If you want to feel it, I don't know how to make you feel it. I won't even talk about it. Not at all. And sometimes I won't even think of it, won't acknowledge it. So that's why I'm writing it down. It's the truth, and I guess it needs to be told even if I keep my mouth shut.
My mother died three years ago. She had cancer. Cancer takes a person and sort of turns them inside out, changes the colors of things. Her skin used to be tan, like she'd spent all day by a pool or by the ocean, the same color as my sister Angie's skin. But cancer made her pale, leeched away all the color until her skin was translucent. And her hair used to be dark, just a shade darker than mine. Cancer made it thin and gray and finally it all fell out. Cancer changes things. My mother used to be beautiful and she was always beautiful but the cancer made it a tragic beauty, a fleeting kind of beauty. It changed the light in her eyes, the normal living light dulled and then became fever bright.
Before my mother died she left my dad and me. We felt it in different ways but it hurt both of us. I'm not so sure about how my dad felt it, but I know it made him angry. It made me angry but I denied this anger. I loved my mother and didn't want to be angry with her. So I shoved it way down, and pretended that things were fine. I pretended that things were just like before. I felt like she should have taken me with her and maybe she wanted to, maybe she couldn't. I was nine when she left, and I didn't understand certain things that I understand now. I didn't understand how she was trapped in the marriage with my dad and that she got away. She escaped, like someone in a prison, beyond barbed wire fences and guards. It would have been too dangerous to take me with her.

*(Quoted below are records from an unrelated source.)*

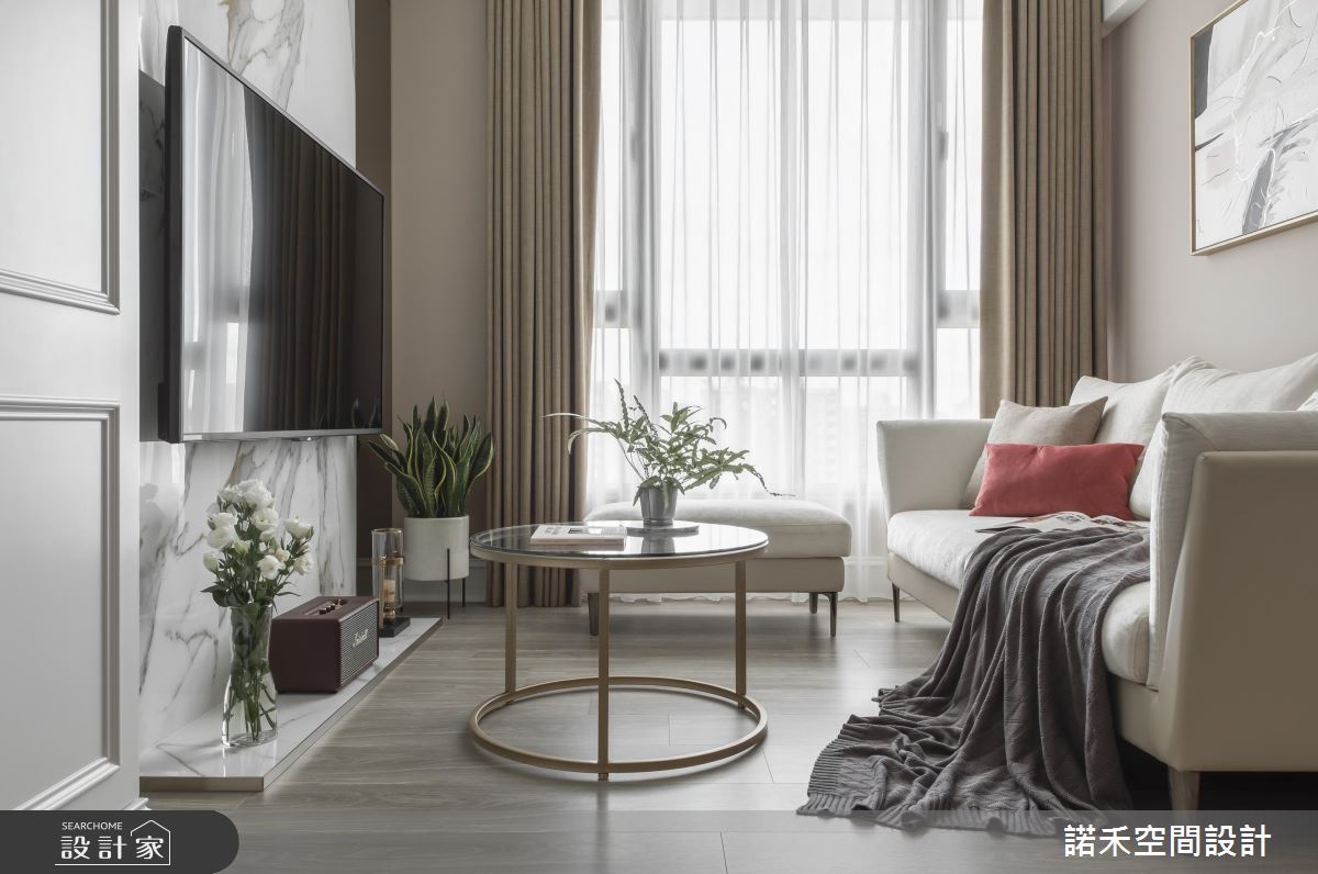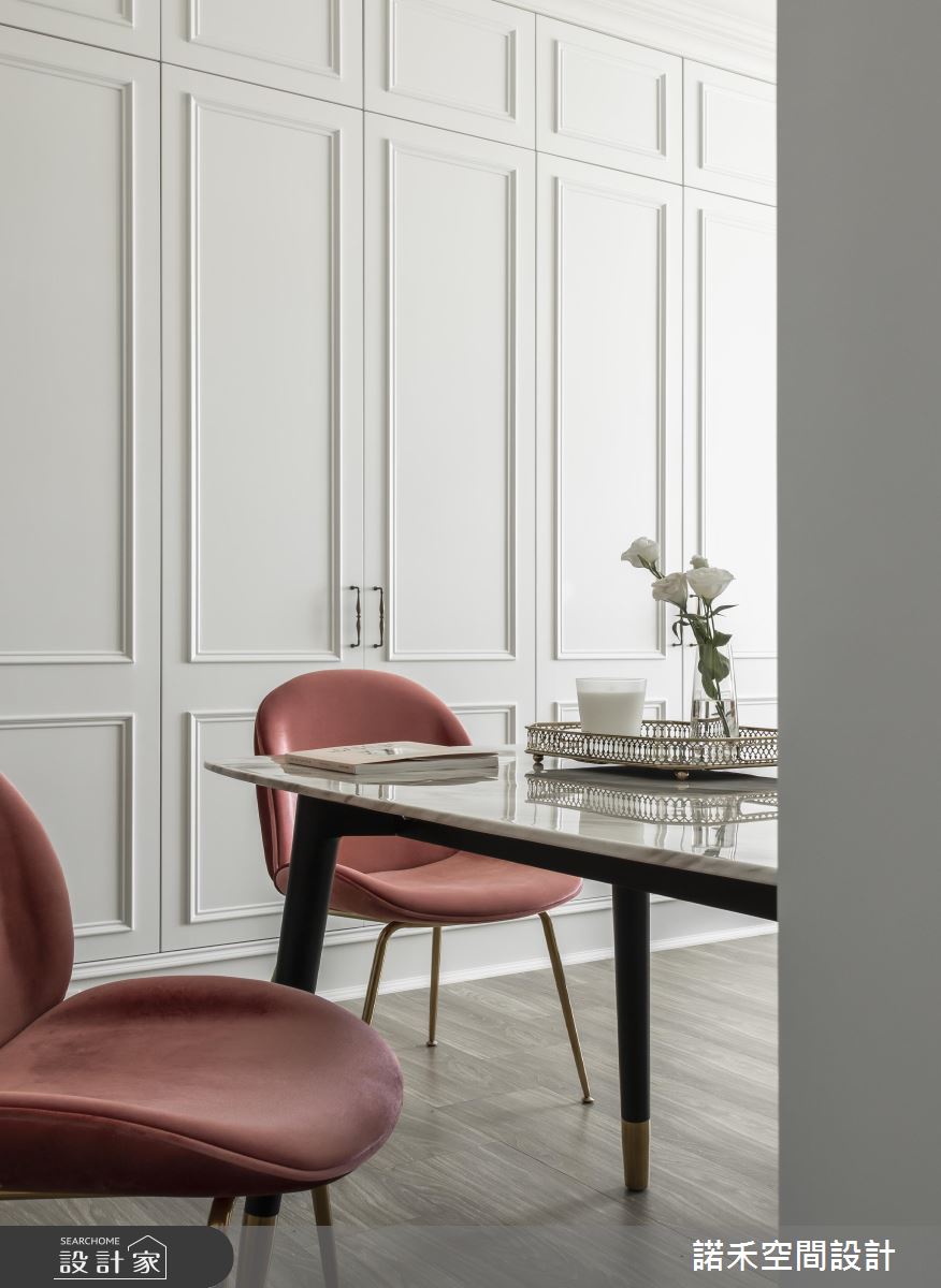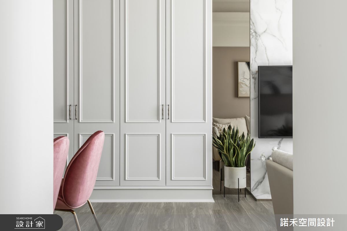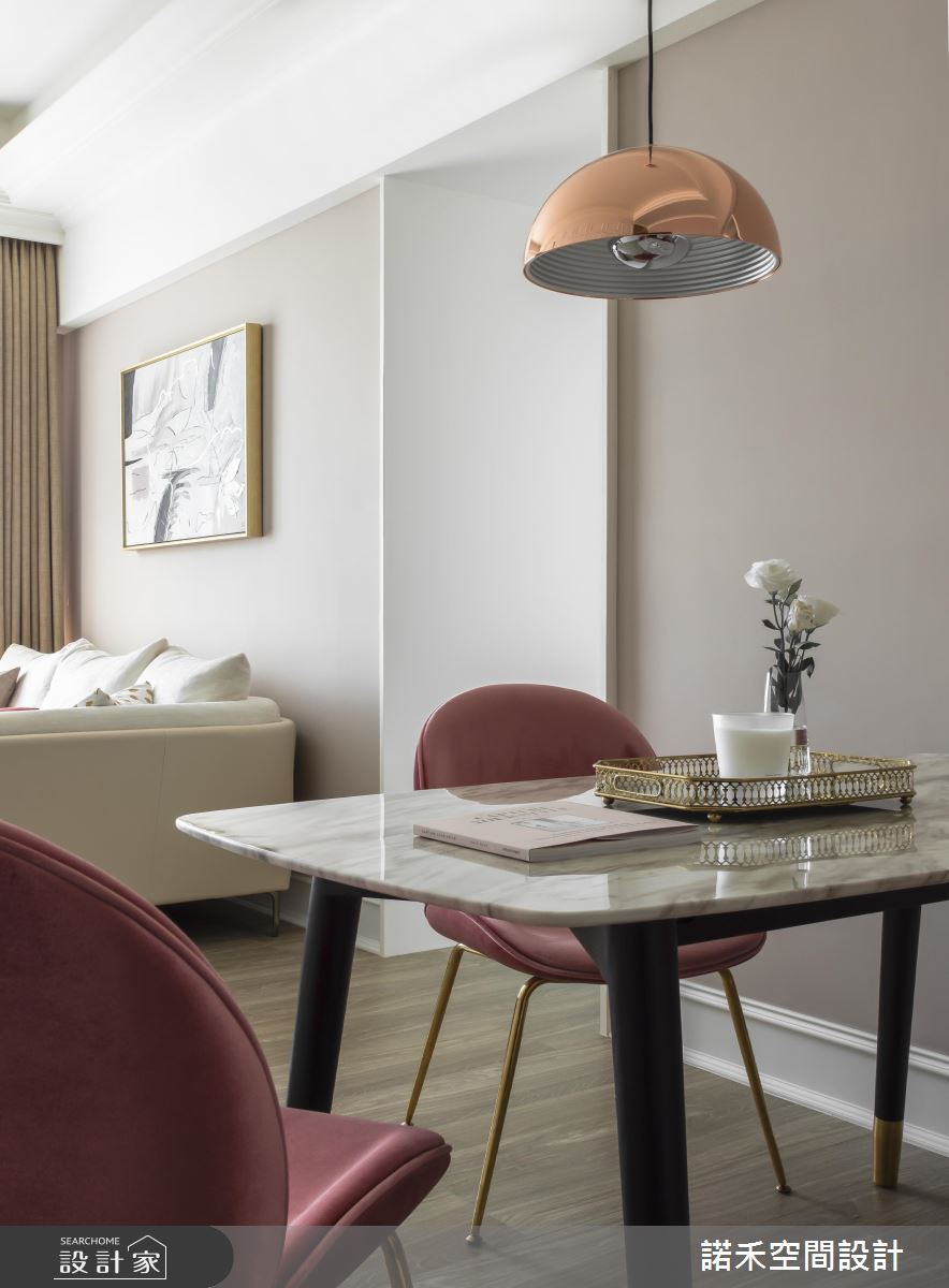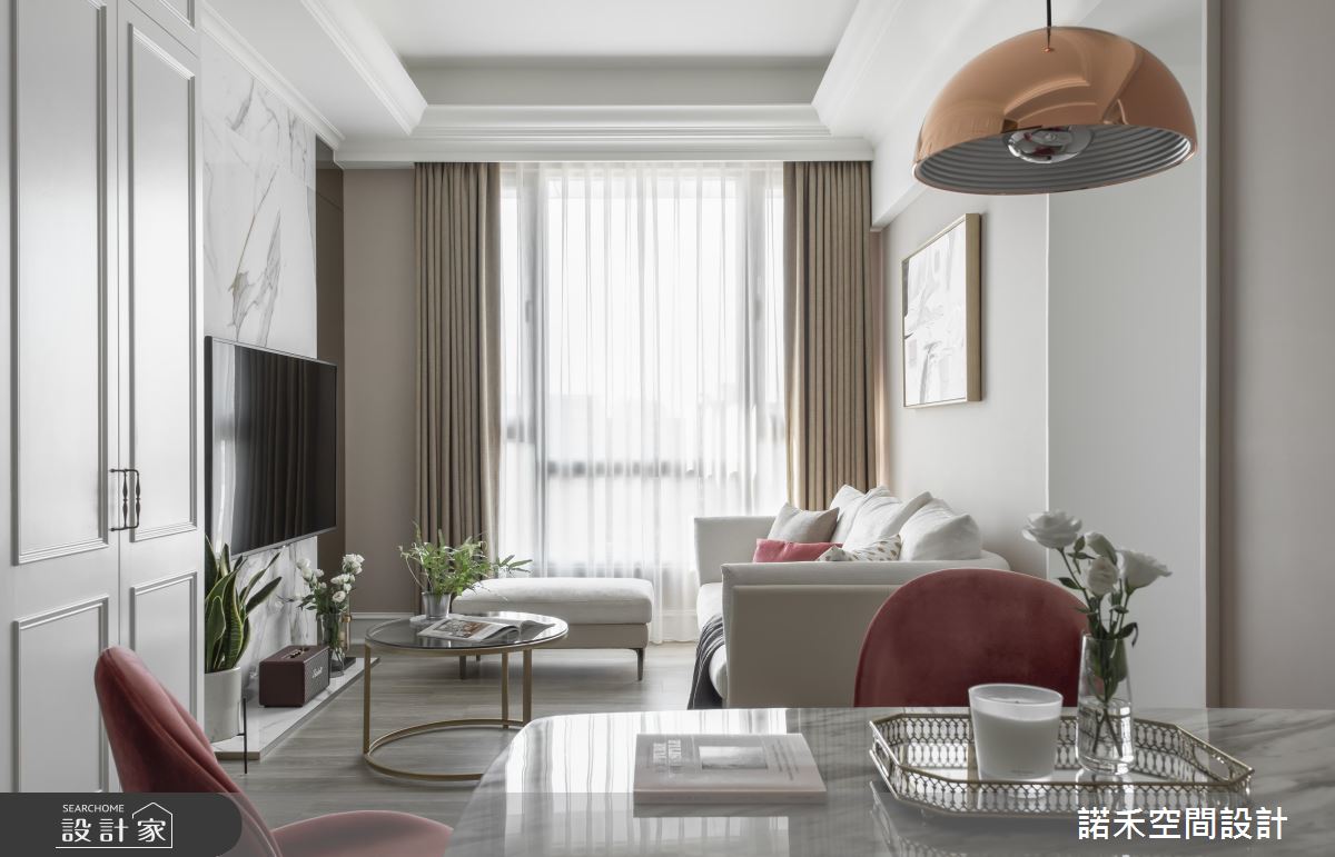 公共空間格局開放,透過挑高手法抬升視覺,落地窗與落地簾幕的輔助,無限拉開小宅視野尺度;色調上以柔白杏色作為主導,為生活染上溫柔紓壓氛圍,再以粉嫩色餐椅、抱枕及金屬燈具點墜式裝飾,時尚優雅恰如其分;白系大理石紋理電視牆,加注白色空間的浪漫想像,兩側鏡面對稱手法,彰顯大方氣勢,與落地窗相映成趣:而簡約線版設計的純白大收納櫃置於空間中,也不顯壓迫。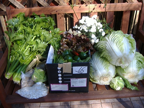 お客さまから長野のりんごを頂いたのをかわきりに、青森の紅玉、千葉のピーナッツ、ひじき、お米その他諸々の千葉産の品々、いつもの野菜作りの名人のところからのダンボウル3個以上の地元の野菜、さらにお客さまからのキャベツとお米と台所に入りきれないほど。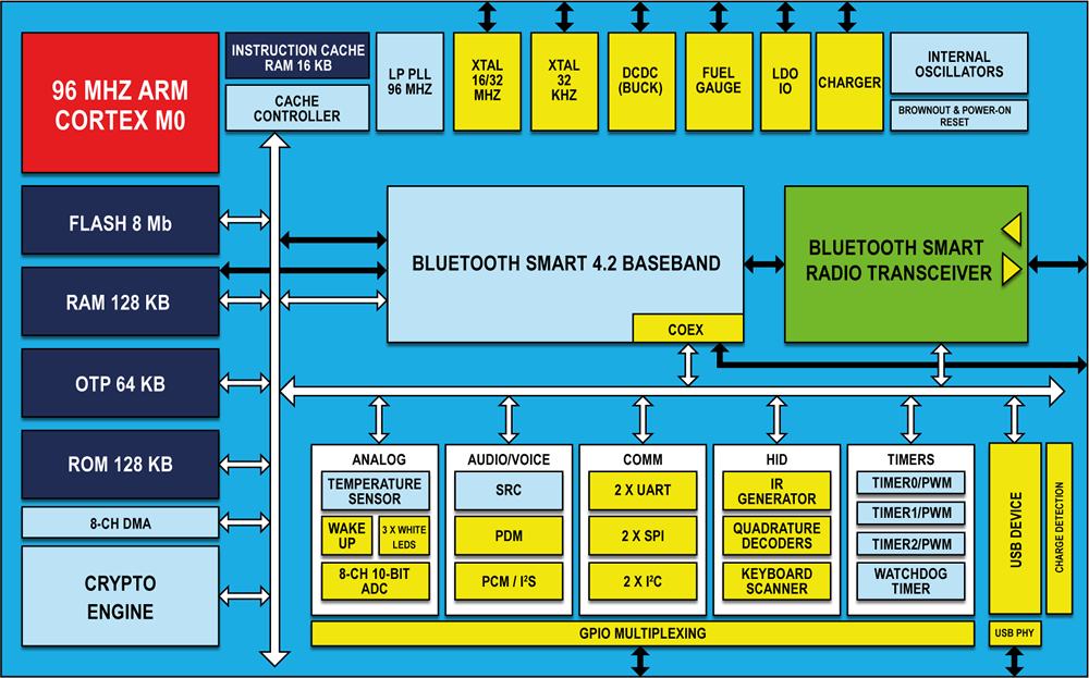 בתמיכה בליבת המפרטים של ה- Bluetooth 4.2, הפתרון המשולב ביותר הזה, מציע את הגמישות לפיתוח מערכות לבישות ונטענות שהצרכנים יאהבו. הוא יכול לנהל מערכים מרובי חיישנים ולאפשר חישה במצב מופעל-תמיד, תוך התאמת הביצועים שלו לצרכים של אפליקציות הנדרשים בכול זמן נתון לחסוך באנרגיה. פשוט לתכנון ומסופק עם תמיכה נרחבת, הוא מאפשר למשתמשים לפתח בקלות התקנים לבישים מרובי חיישנים בהקשר מודע, הפועלים לפרקי זמן ארוכים בין טעינות מחדש.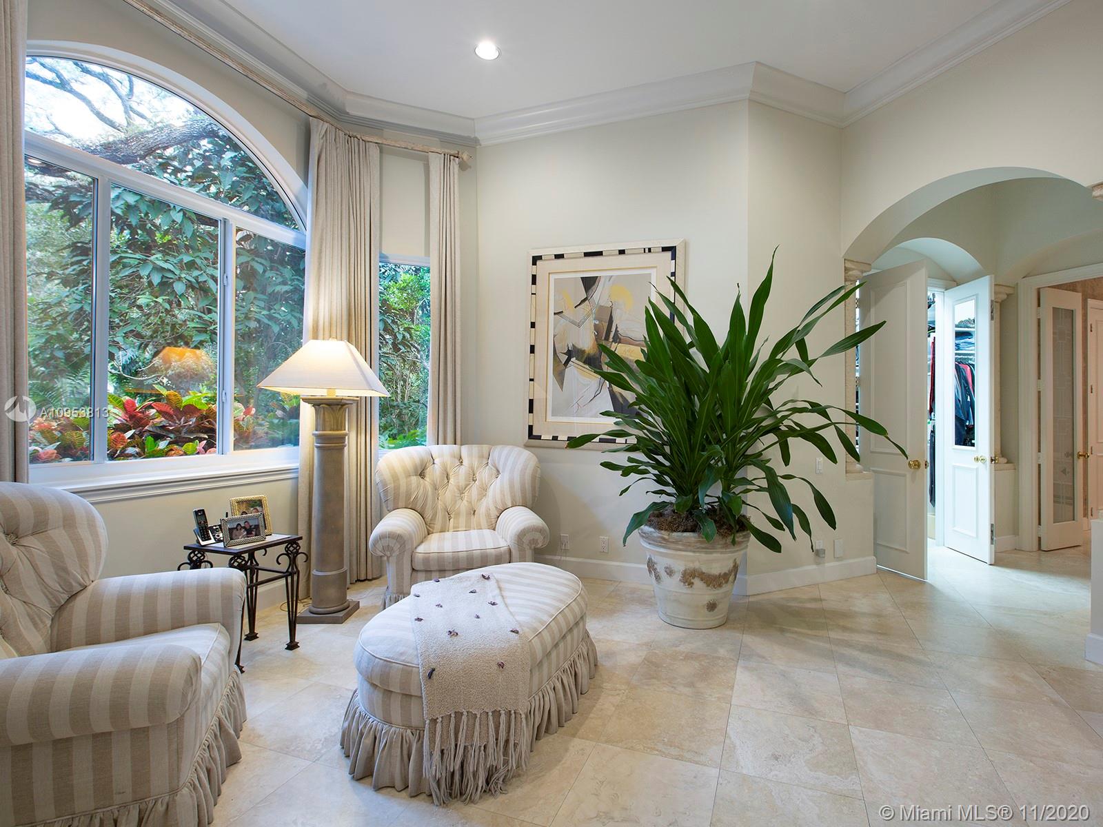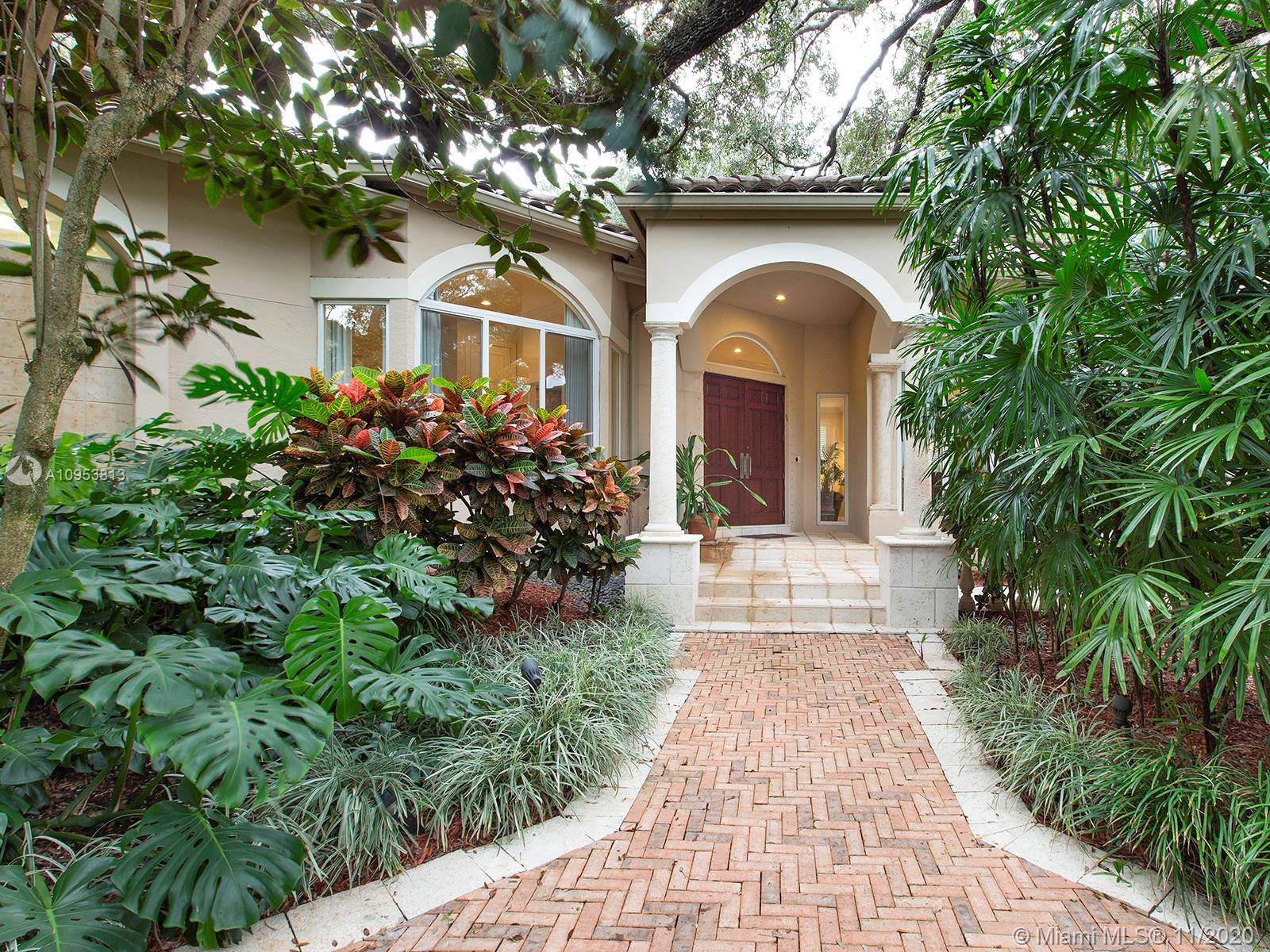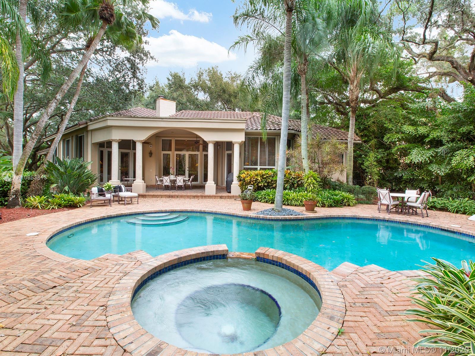 Sophisticated, stunning, family home with exceptional floor plan, detail and design on a gorgeous mature oak studded lot in rear south cul-de-sac of Arboretum, a rare gated NE Pinecrest community of only 11 homes near Pinecrest elementary school and the famous Pinecrest Wayside Market. Impeccably maintained, one story family home with new roof in 2015, Brookman-Fels quality construction and custom finishes throughout the residence. Split large master with sitting room/office, separate 4/3 children's wing includes second family room. Gorgeous private pool/patio area, 3-car garage, very high ceilings throughout, large rooms, impact glass in front, built-ins, indoor laundry room, fireplace, and more.

My dad. It's hard to know what to say about him. He's smart. Scary smart. He's a surgeon. See, it's all short bursts about him. When he's near me I'm nervous all the time, even when he's being calm and nice and…normal. I'm nervous because his temper can come from nowhere and fill the room. His eyes behind his black framed glasses get this sharp look, this narrowed angry look focused on me like that red dot that shows someone where to shoot a gun. He has this intensity that makes it hard to breathe.
So my mom left when I was nine and she got sick when I was ten. When I was ten my dad, he hit me with this, his belt. Shit. If I make you feel it I have to feel it, too. So I'd just messed the house up, this colossal mess like kids can make. It was one of those days when the sun is all hazy and yellow and it fell through every window and made squares on the rug and the toys and the furniture. And I saw the dust kind of flashing in the bars of sunlight. And I'm looking at some toy, just this smooth bit of colored plastic in my hand, and then I hear my name.
"Craig!" His voice was so deep, so full of hate, like the hate could split his words apart. I dropped the toy and it didn't make a sound because of the rug. I looked up at him and it's the first time I remember noticing the narrowed eyes behind the glasses, and his teeth were yellow and sharp and crooked and clenched together.
I can't talk, I can't breathe, my heart is beating so hard. It was this fear that I felt in my bloodstream, I felt it with every beat of my heart. He's standing over me and takes his belt off so fast and it arcs up and slams down on me, across my back. It's like a bite, a sting, and the belt makes this cracking noise in the air. Tears come to my eyes and the tears make me angry, like I'm just a baby. But I can't stop crying as the belt comes down again and again.
That was the first of it. And the next day was the first of the apologies and promises that it would never happen again. When he apologizes his voice is soft, controlled, and his eyes are sad. Behind his glasses, but I can see the light blue color and the lines around them and the sadness. I never quite believed those things like I did the first time he said them. That was faith. I've lost that faith now.